Un droit d’interdire ne confère pas automatiquement un droit d’exploiter : l’importance de l’étude de liberté d’exploitation.

Ne pas confondre brevetabilité et liberté d’exploitation

Être titulaire d’un brevet ne signifie jamais être libre d’exploiter l’invention protégée par ce brevet. La délivrance d’un brevet n’implique pas une liberté d’exploitation.

Ainsi il convient de distinguer deux types d’études relatives à une invention : l’étude de brevetabilité et l’étude de liberté d’exploitation. La première, l’étude de brevetabilité, permet de déterminer les chances d’obtenir un brevet. La seconde, l’étude de liberté d’exploitation, permet de vérifier si l’exploitation de l’invention est libre de droits.

« Être titulaire d’un brevet ne signifie jamais être libre d’exploiter l’invention protégée par ce brevet »

Lorsque nos clients développent un nouveau produit, ils nous sollicitent fréquemment pour effectuer une recherche d’antériorités parmi les brevets existants.
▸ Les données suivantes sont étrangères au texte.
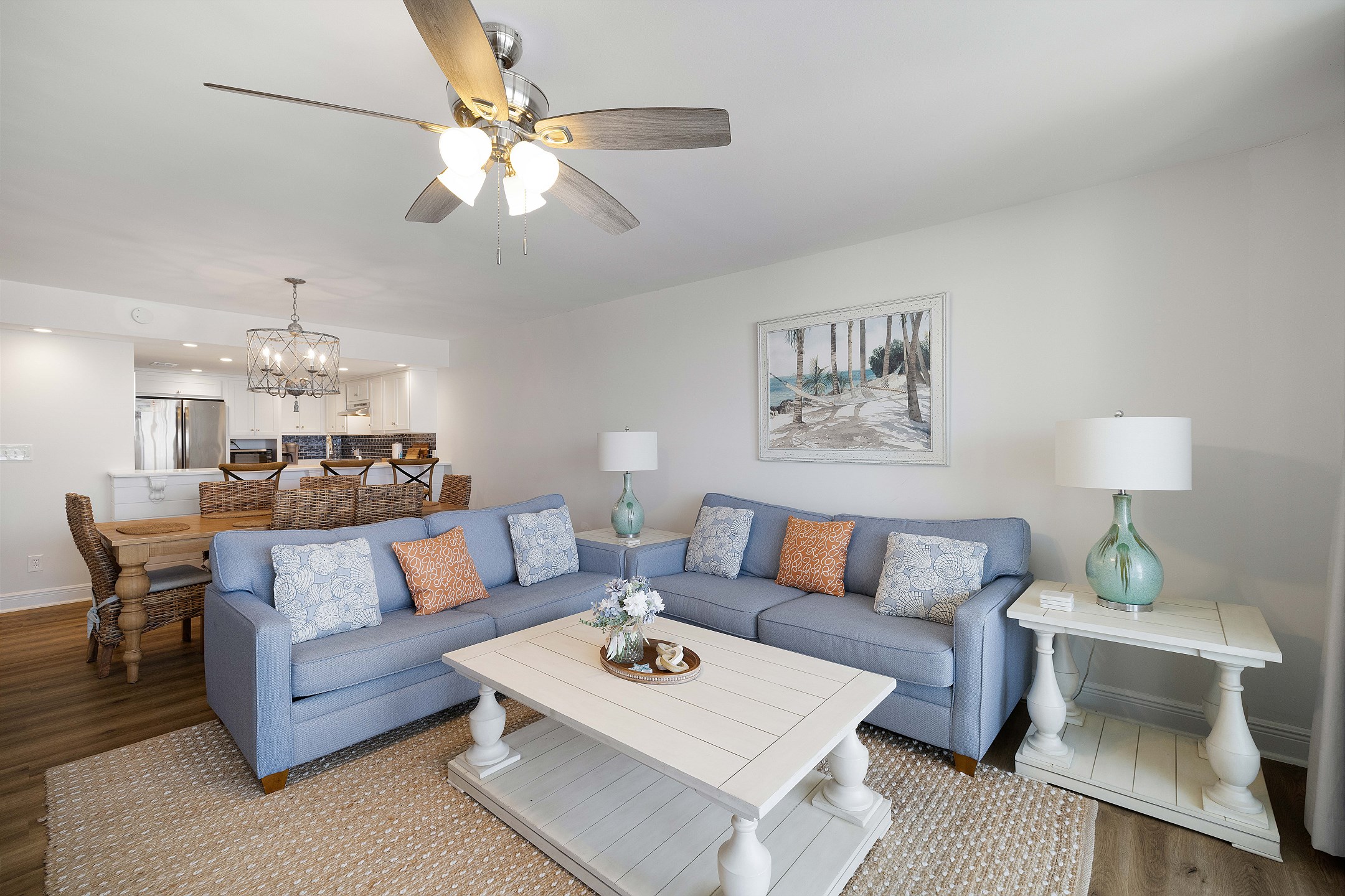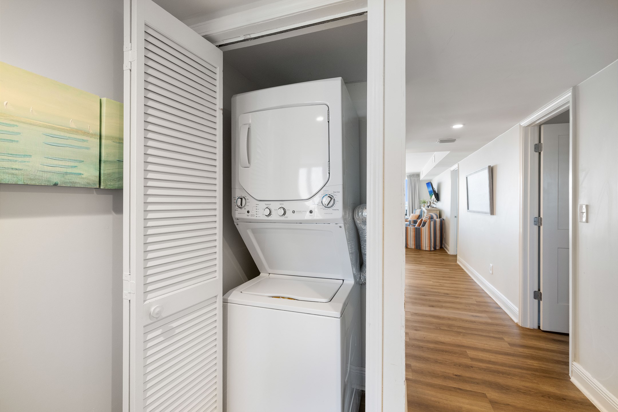 The condo's living area is designed for relaxation and socializing, featuring a sofa sleeper that expands the sleeping arrangements, making it perfect for larger families or groups. The fully equipped kitchen caters to all your culinary needs, featuring a Keurig Duo coffee maker and everything you need to prepare anything from a quick snack to a full family feast. A washer and dryer in the unit add an extra layer of convenience, allowing you to pack light and keep your beachwear fresh.

Il peut toutefois y avoir méprise sur l’objectif recherché. En effet, la confusion entre la liberté d’exploitation et la brevetabilité apparaît souvent dans nos échanges.

• Dans certains cas, le principal objectif du client est de s’assurer qu’il est libre de mettre son produit sur le marché sans courir le risque de contrefaire les brevets de concurrents. La question de la brevetabilité, c’est-à-dire : "Est-ce que je peux obtenir une protection pour mon invention ?", n’est alors que secondaire.

Objectif principal : La liberté d’exploitation.

• Dans d’autres cas, le principal objectif du client est de déterminer s’il peut protéger son invention par un brevet et ainsi obtenir un monopole d’exploitation de cette invention.

Objectif principal : La brevetabilité.

Lorsque l’objectif principal est la brevetabilité, il n’est pas toujours facile de faire comprendre à nos interlocuteurs que l’on peut breveter valablement une solution technique, mais ne pas être en mesure de la mettre librement sur le marché.

De plus en plus de produits sont dits "complexes", ils sont composés d’ingrédients ou composants ou pièces multiples. Même si vous détenez un brevet sur le produit entier, certains ingrédients, composants ou pièces peuvent être protégées par des brevets détenus par des tiers qui peuvent être des concurrents. Le téléphone portable en est la parfaite illustration. Il est alors nécessaire de recueillir l’autorisation des différents titulaires de brevets sur les différents composants de l’invention pour exploiter votre produit couvert par votre brevet.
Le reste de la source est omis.